A group of monks sit in protest after being halted by riot officers and military officials in Myanmar (September 2007)

April was Genocide Awareness and Prevention Month. In honor of this, we compiled a Resource List of books and films themed around each of the past genocides that have commemorative dates in April, plus the regions where we focus our awareness and advocacy efforts on an ongoing basis.

We hope you will make use of this list as a way to both remember these genocides, and learn more about them.  In April we featured books and films associated with the genocides that have commemorative dates in April.  In May, the regions of our present day efforts are the focus.  This is the seventh post in this series, the mass atrocities in Burma.

Recommended Books:

Burmese Days, by George Orwell
In 1930, Kyauktada, Upper Burma, is one of the least auspicious postings in the ailing British Empire–and then the order comes that the European Club, previously for whites only, must elect one token native member.  This edict brings out the worst in this woefully enclosed society, not to mention among the natives who would become the One.

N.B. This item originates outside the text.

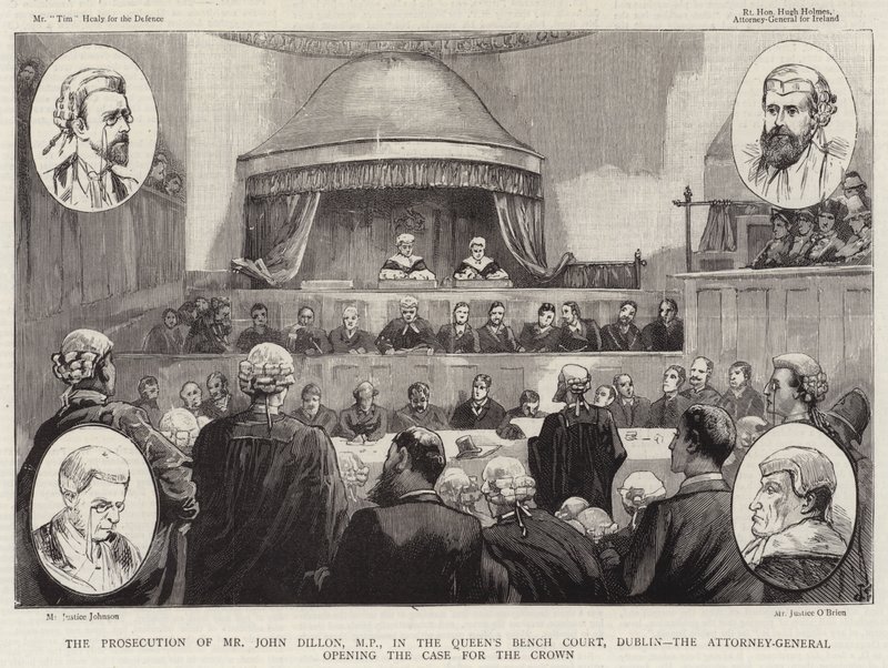 De vervolging van de heer John Dillon, MP, in het Queen's Bench Court, Dublin, de procureur-generaal opent de zaak voor de Kroon(The Prosecution of Mr John Dillon, MP, in the Queen's Bench Court, Dublin, the Attorney-General opening the Case for the Crown )Joseph Finnemore |
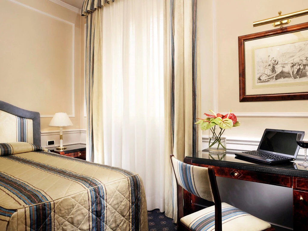 - Chambre simple : D’une superficie de 13 m², ces chambres sont décorées et meublés dans un style florentin, avec notamment un lit simple et un bureau.

Everything is Broken, by Emma Larkin
The book is an account of the events in Burma before and after Cyclone Nygris.  She reveals details about the complex military dictatorship that rules Burma, and the bizarre, horrifying ways the regime responded to the cyclone and its effects on their country and its people.

Finding George Orwell in Burma, by Emma Larkin
Larkin (a pseudonym), a journalist believes that it was George Orwell’s stint as an imperial policeman in British-ruled Burma during the 1920s that turned him into a writer of conscience.  To prove her theory and assess what imprint if any he left on the culture, she bravely journeyed throughout the now brutally totalitarian state to visit the places Orwell lived and worked.

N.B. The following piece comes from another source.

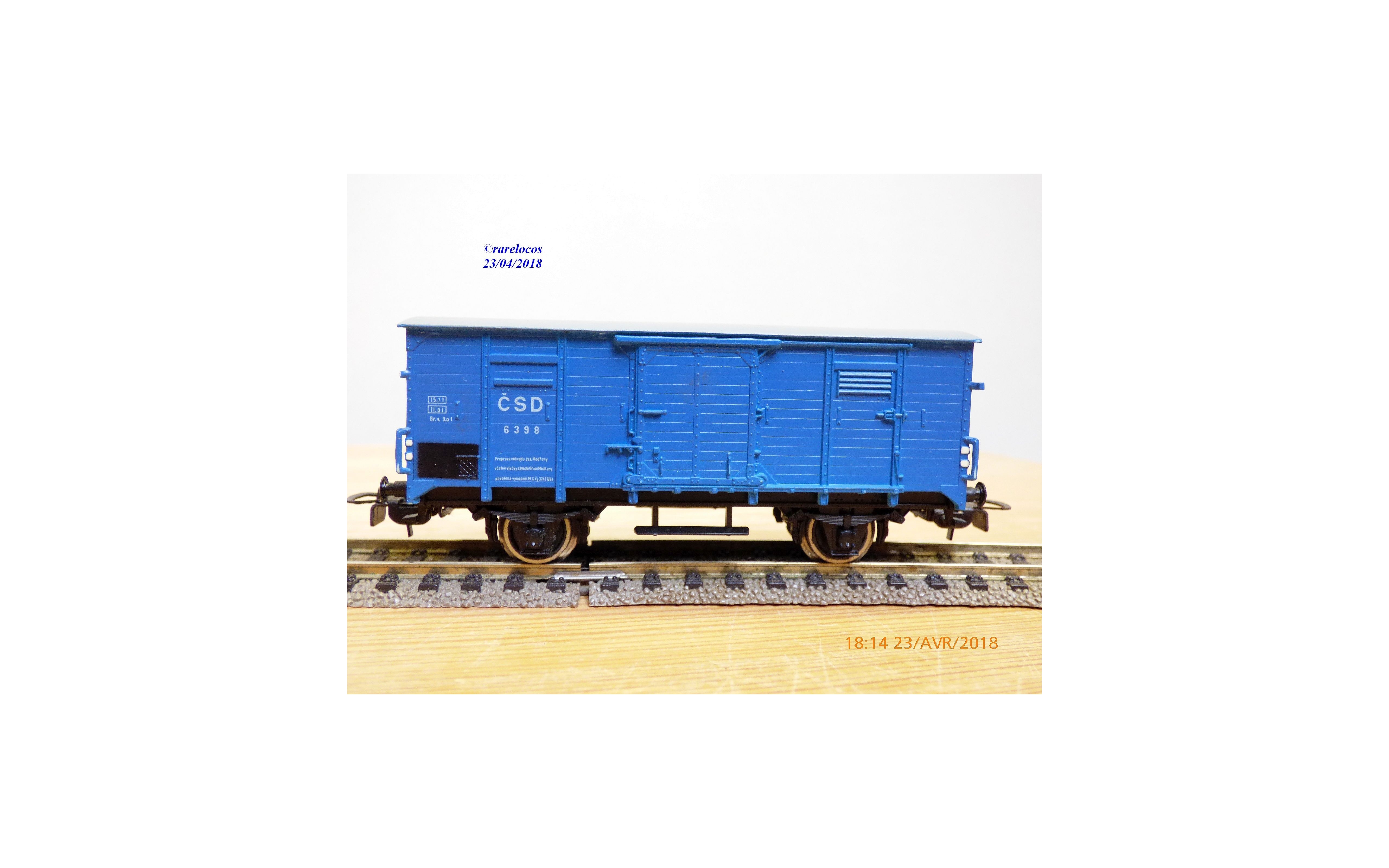 Wagon couvert ancien en bois 2 essieux des chemins de fer tchécoslovaques ( CSD ), livrée bleu vif à toit gris, boîte d'origine en excellent état mais probablement pas la bonne référence.

For Us to Surrender is Out of the Question: A Story from Burma’s Never Ending War, by Mac McClelland
In 2006, Mac McClelland arrived as a volunteer in Thailand and found herself living with associates of an organization battling Burma’s dictatorship.  Her story explores the world’s longest-running war through her housemates, refugees who risk their lives documenting their government’s secret ethnic-cleansing campaign.

Freedom from Fear, by Aung San Suu Kyi
Aung San Suu Kyi was awarded the 1991 Nobel Peace Prize for courageous leadership of the Burmese people in their battle against authoritarian rule.  The forthright condemnation of the regime that resulted in the activist’s house arrest is clearly expressed in the essays in this volume.

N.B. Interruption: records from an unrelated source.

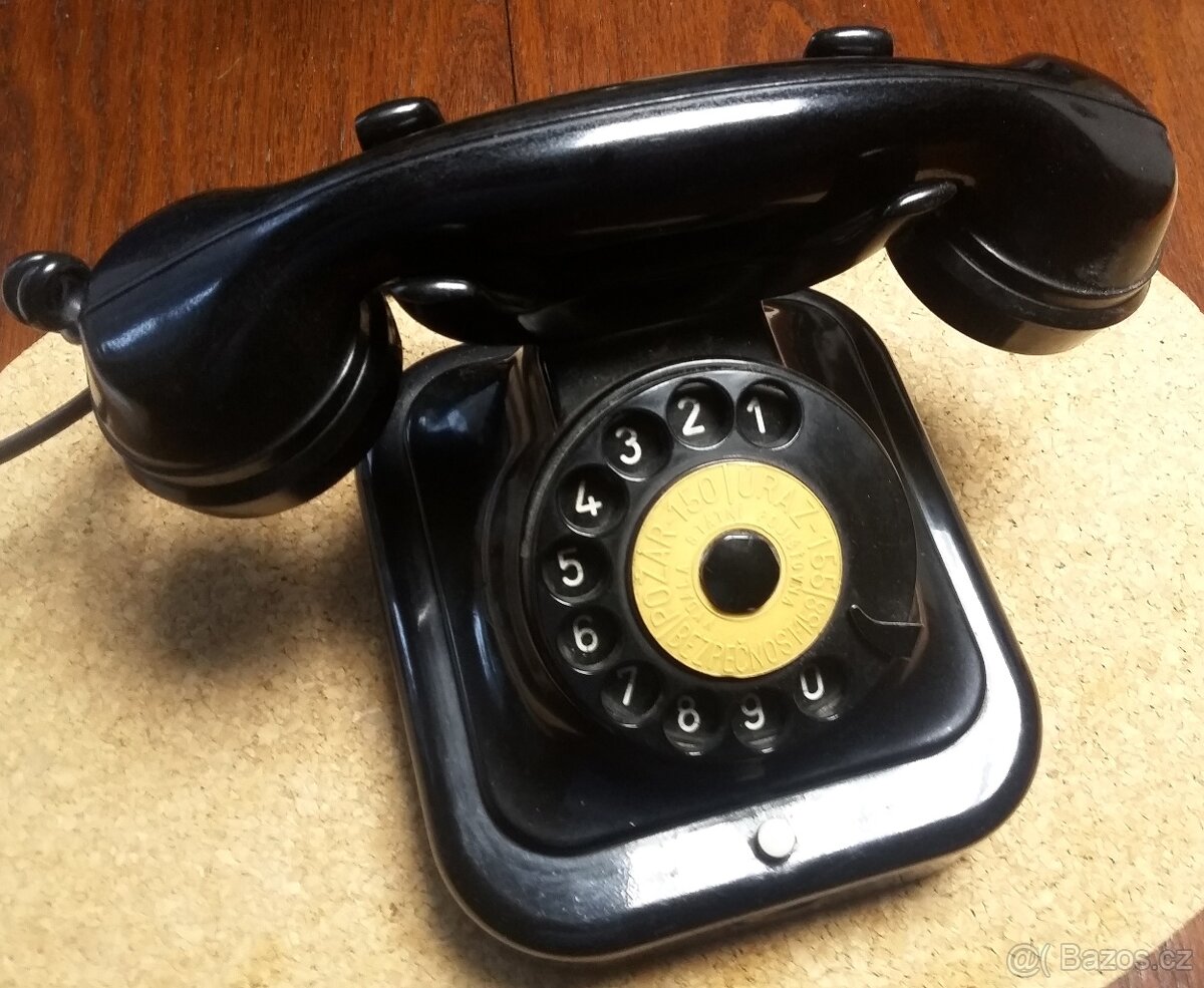Starý vidlicový bakelitový telefon s otočnou číselnicí, s čísly na záchranné složky - požár či úraz a policii. Tlačítko na spojovatelku. Okénko na Vaše telefonní číslo. Jerště klasický kovový kladívkový zvonek, Černý, při posledním použití funkční. Stáří zhruba 70 let.
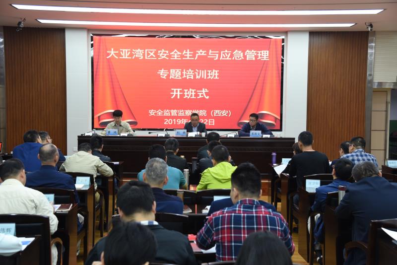 雁塔校区开班。惠州市大亚湾安监局副局长邓育文,安全监管监察学院(西安)党委书记杜勇、行政副院长曹鸿,以及来自惠州市安监局大亚湾安委会所属各单位的58名学员参加了开班式,开班式由曹鸿主持。
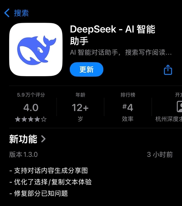 根據(jù)手機(jī)應(yīng)用商店顯示,DeepSeek App今天發(fā)布了1.3.0版本更新,支持對(duì)話內(nèi)容生成分享圖功能。
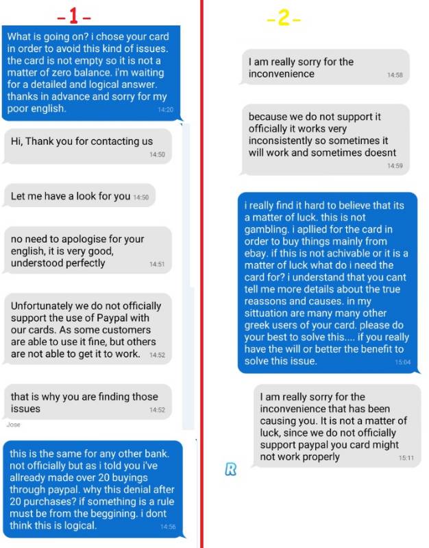 Μιλαγα τωρα με το support της Revolut. Μου ειπε με αλλα λογια την ιδια "ταταριά" π μου ειπανε κ απο την πειραιως παλια. Οτι κυριε δεν υποστηριζουμε επισημα το Paypal κ ειναι θεμα στιγμιαιας συγκυριας αν θα περασει η καρτα ή οχι σε καθε αγορα. Κ του απανταω οτι αν ισχυει κατι πρεπει να ισχυει απο την αρχη σαν κανονας κ οχι να ειναι θεμα τυχης λες κ παιζουμε σε καζινο. Κ μου ελεγε να δοκιμασω αργοτερα μηπως διορθωθει κ οτι κ καλα εργαζονται πανω στο προβλημα κ τετοια ωραια. Ειναι απλο ειτε η ιδια η Revo ειτε με πιεση το paypal θελανε να σταματησουνε ολο αυτο κ απ'οτι φενεται θα το κανουνε. Αρα παμε ξανα στο κολπο με το paypal balance.....
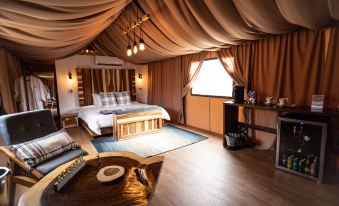 Cons: Canvas tents, so even with minisplit a/c, the temp is never quite right because of the extremes of desert climate. Very hot days and cool/cold nights.

From the Land of Green Ghost, by Pascal Khoo Thwe
Khoo Thwe, born in 1967, debuts with a remarkable portrait of his childhood in Phekhon, “the only Catholic town in Burma,” among the Padaung people.  The Catholic and animist fables     that the author and his 10 siblings live by would be the emblems of a fairy tale life were it not for the violence and economic crises of the dictatorship of General U Ne Win.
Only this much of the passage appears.